Sorry for making it confusing. I am extracting 2 groups of reads : Group 1 : paired but one of the reads is unmapped AND mapped 5'->3' of reference. Group 2 : paired but one of the reads is unmapped AND mapped 3'->5' of reference.

1
Entering edit mode

negative strand:

java -jar dist/samjdk.jar -e 'return record.getReadPairedFlag() &&((record.getReadUnmappedFlag() && !record.getMateUnmappedFlag() && record.getMateNegativeStrandFlag()) || (!record.getReadUnmappedFlag() && record.getMateUnmappedFlag() && record.getReadNegativeStrandFlag()));' input.bam


positive strand:

java -jar dist/samjdk.jar -e 'return record.getReadPairedFlag() &&((record.getReadUnmappedFlag() && !record.getMateUnmappedFlag() && !record.getMateNegativeStrandFlag()) || (!record.getReadUnmappedFlag() && record.getMateUnmappedFlag() && !record.getReadNegativeStrandFlag()));' input.bam

0
Entering edit mode

Great! You are of great help!!! After I compiled samjdk according to the download and compile section here and tried to run the command of negative strand, the following error appeared: Error: Invalid or corrupt jarfile. Any idea on how to fix this? Thanks again.

0
Entering edit mode

0
Entering edit mode

Sorry for keeping you waiting.

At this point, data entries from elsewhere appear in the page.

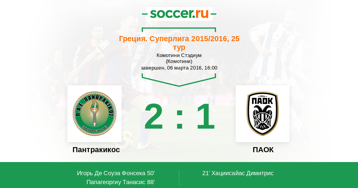 21' (0:1) Хациисайас Димитрис (5) (Пелкас Димитриос (77))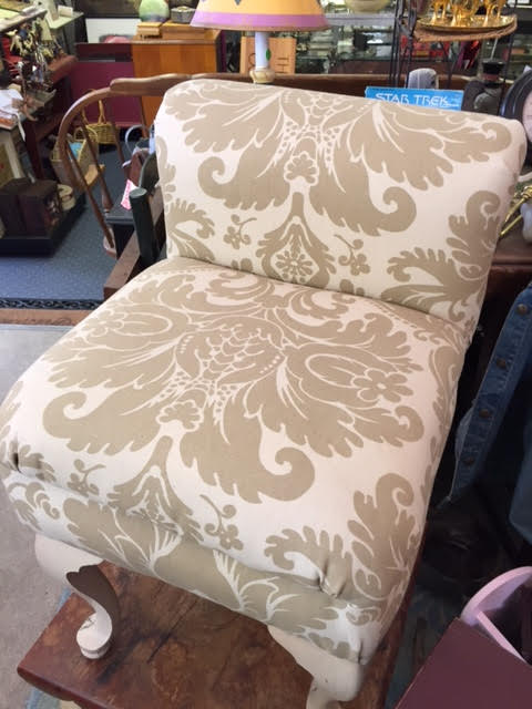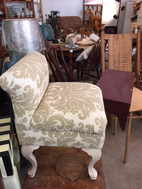 We got this lovely boudoir side chair at an estate sale in the Kennebunkport area. It’s fabulously unique – it’s sort of like an exquisitely enhanced footstool. Whatever or however one wants to define it, our little boudoir chair will add a touch of elegance to any room!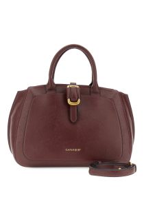 handtasche in saffiano-optik mit aufgesetzter tasche bordeaux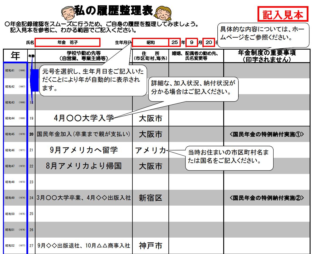 私の履歴整理表は、ねんきんネットに登録することで利用できる、自分の履歴を整理するためのシートです。入学や就職、退職などのタイミング、住んでいた市区町村、結婚による氏名の変更、事業を始めた時など、自分の履歴を整理できます。私の履歴整理表は、日本年金機構のウェブサイトからエクセルファイルでダウンロードできます。年金事務所にも備え付けてあります。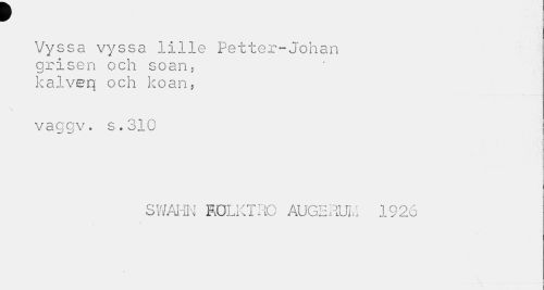 //// F //// Vyssa vyssa lille Petter-Johan grisen och soan, kalven och koan, //// vaggv. s.310 //// SWAHN KDLKTRO AUGERUM 1926 ////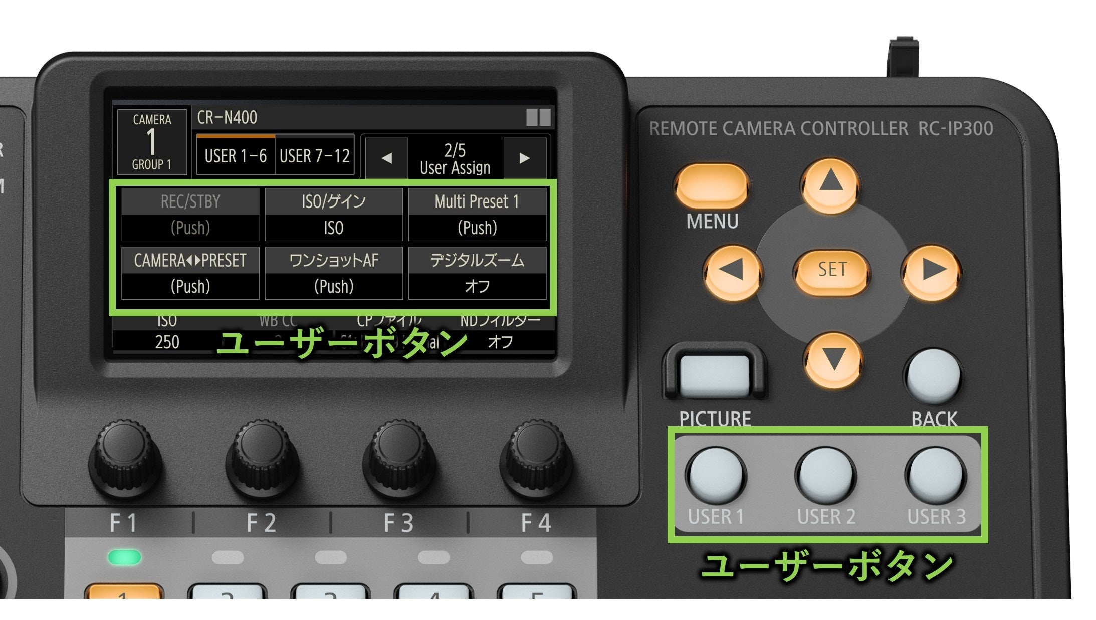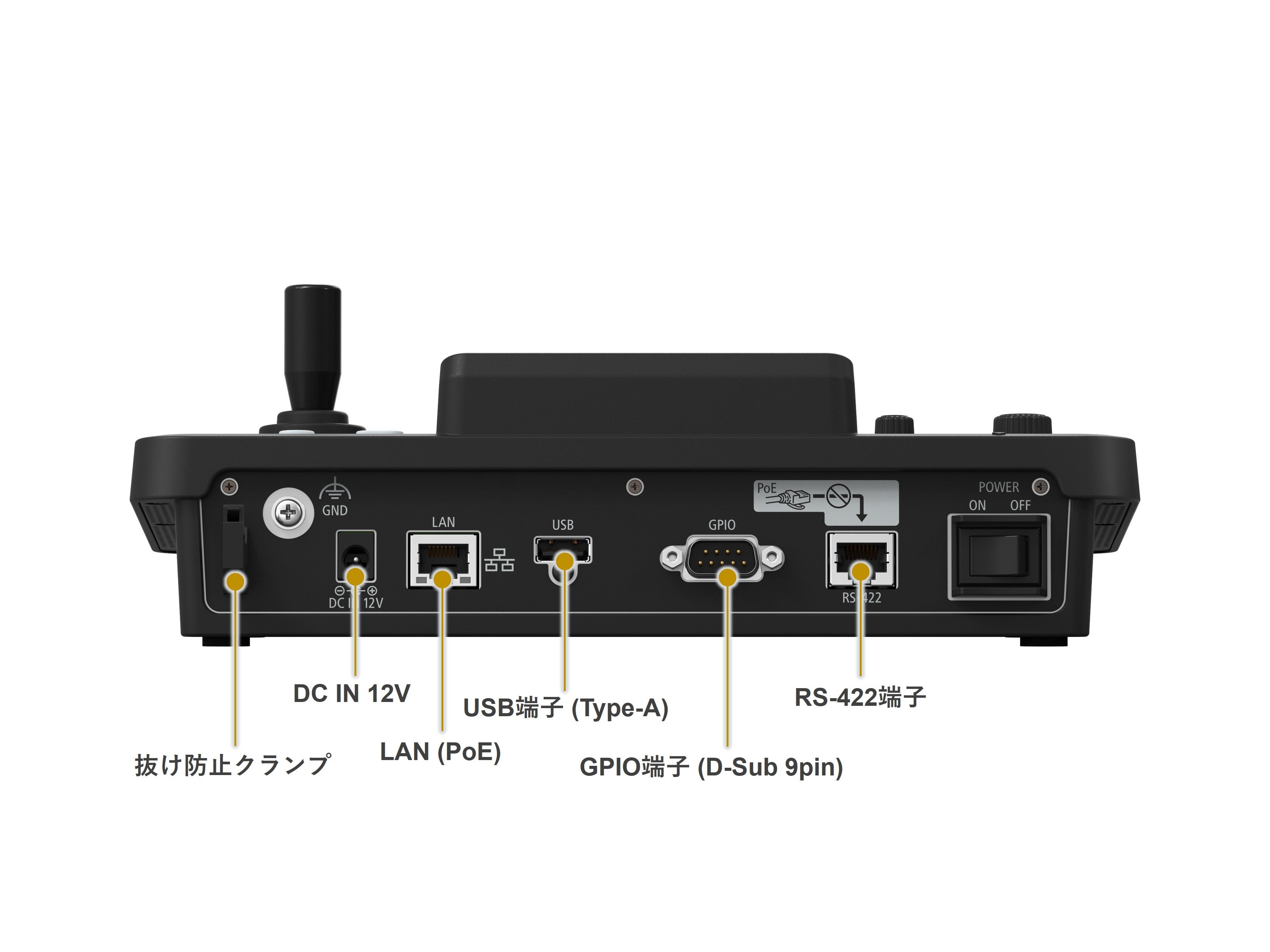 本体の大きさは約255mm(幅)×約180mm(奥行き)×約93mm(高さ)(※2)、質量は約1.3kgと、小型・軽量ボディーを実現しました。PoE(※3)に対応し、ケーブル1本で給電・制御ができるため、スタジオのバックヤードのような機材が多く設置された、限られたスペースでも柔軟な設置が可能です。また、直感的に操作ができるボタンやダイヤルを多く搭載しているほか、それらを操作の種類ごとに分けて配置しており、リモートカメラのパン、チルト、ズーム操作やフォーカス、絞りなどの制御が容易です。さらに、ユーザーが使用頻度の高い機能を独自に割り当てられる「ユーザーボタン」を備えており、簡単なボタン操作で素早く機能を実行することができます。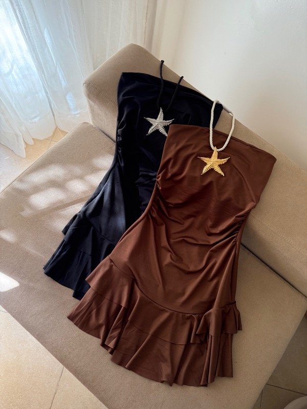 Vestido strapless volado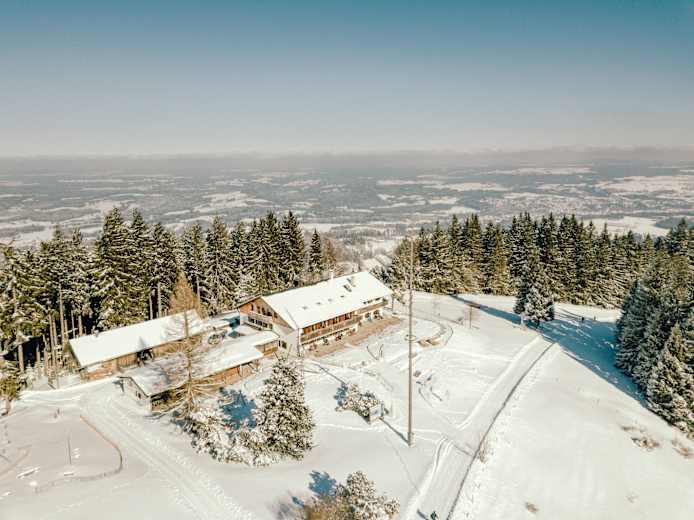 Oben auf 1.203 m angekommen kann man den Ausblick in das Bayerische Oberland genießen. Bei gutem Wetter erhascht man einen Blick über den Starnbergersee und den Ammersee, bis hin nach München sowie vom Karwendel bis ins Wettersteingebirge.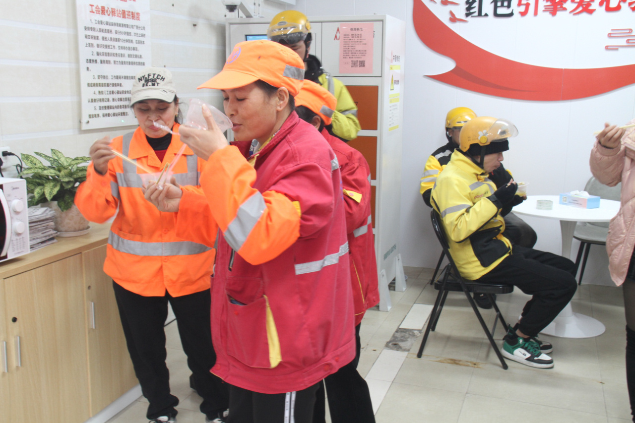 活动现场,工作人员设置了普法宣传台,为户外劳动者提供法律咨询服务,对广西职工医疗互助保障政策进行了详细解答,同时准备了热气腾腾的汤圆,并为户外劳动者送上慰问物资。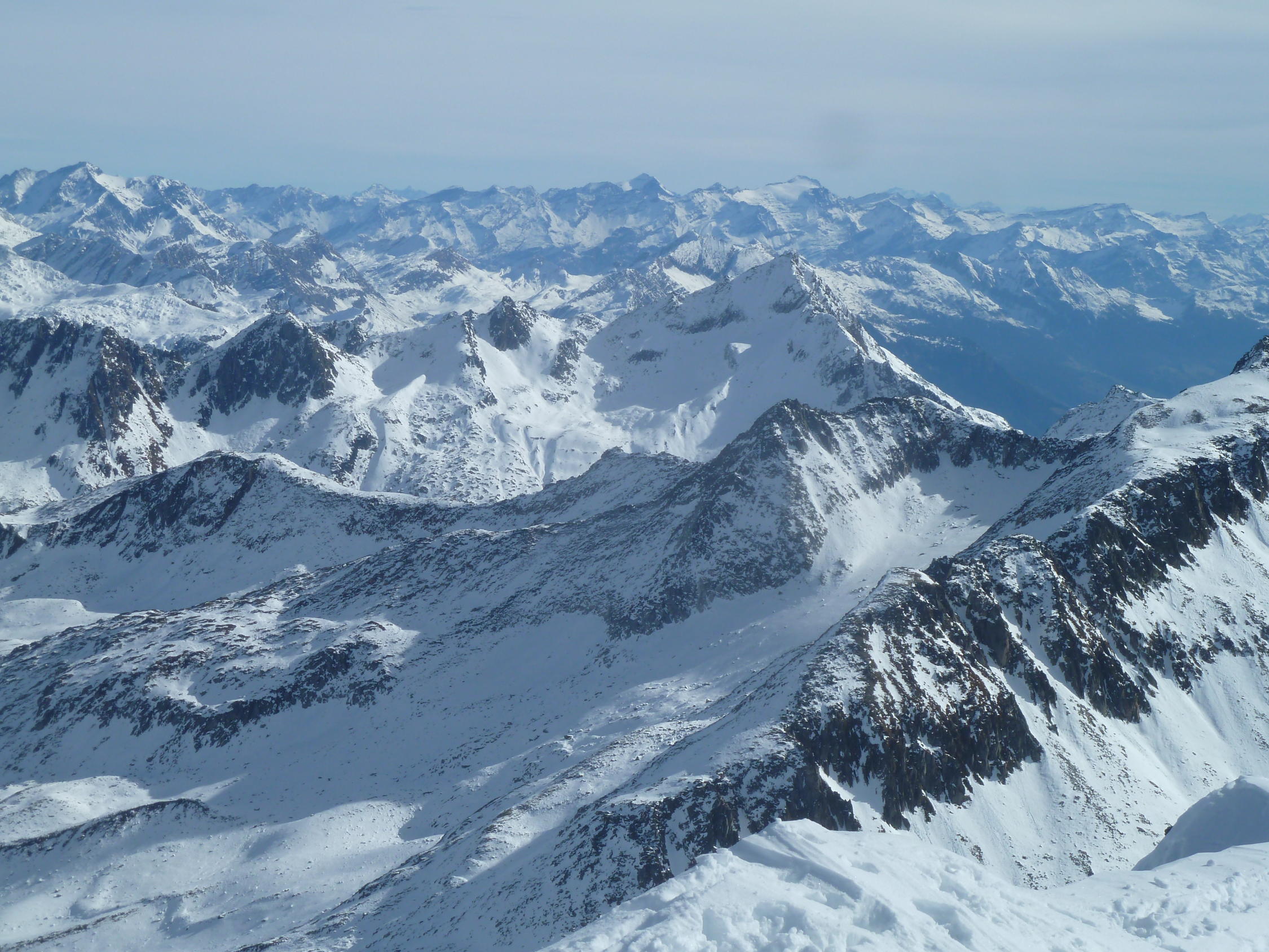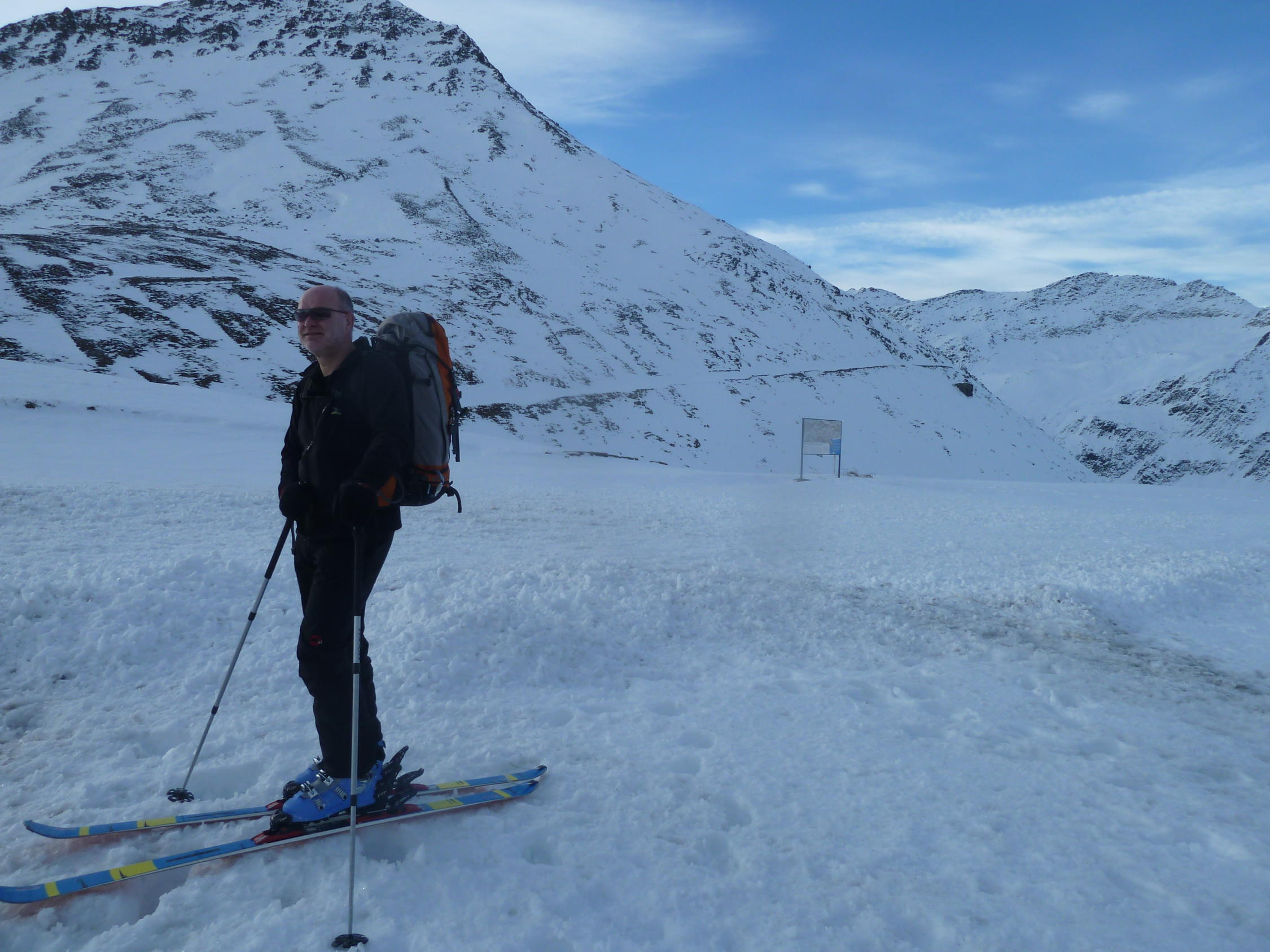Wir sind ohne Skis aber mit Steigeisen auf den Grat. Skis haben leichte Vorteile im Ausstieg sowie bei 1-2 Passagen im Abstieg.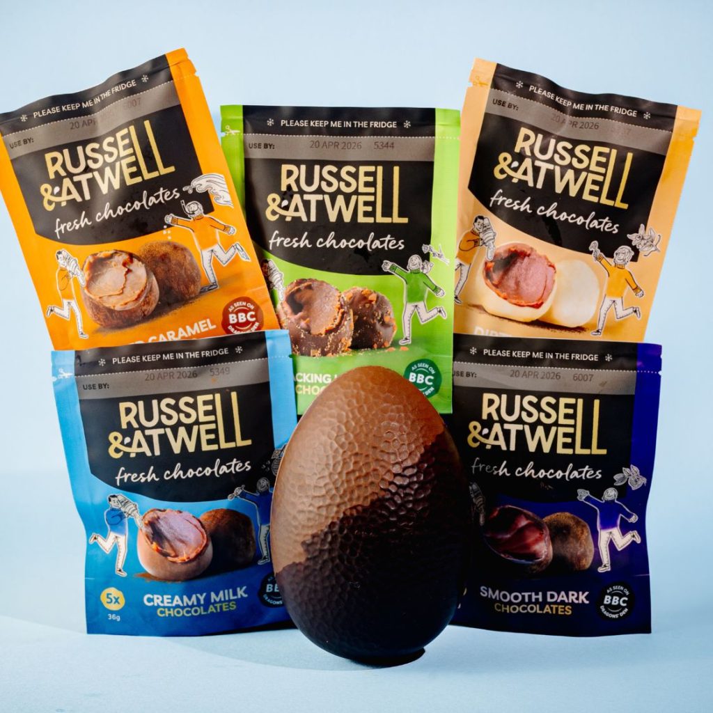 This best-selling milk and dark marbled Mini Monty egg returns this Easter and comes with five pouches of Russell Atwell’s fresh chocolates: Creamy Milk, Salted Caramel, Smooth Dark, Cracking Hazelnut and Dirty Blond.

Here are the information :

Installation command :

git clone "https://github.com/lindenb/jvarkit.git"
cd jvarkit
make samjdk


Command to extract negative strand:

java -jar /data/tam/script/jvarkit/src/main/java/com/github/lindenb/jvarkit/tools/samjs/SamJdk.java


Java version:

openjdk version "1.8.0_131"
OpenJDK Runtime Environment (build 1.8.0_131-b11)
OpenJDK 64-Bit Server VM (build 25.131-b11, mixed mode)

0
Entering edit mode
4.7 years ago
glihm ▴ 640

I strongly recommend you to read the documentation of SAMTOOLS and associated HTSlib. They are very powerful tools and you must understand them to go further in the SAM formatted files processing.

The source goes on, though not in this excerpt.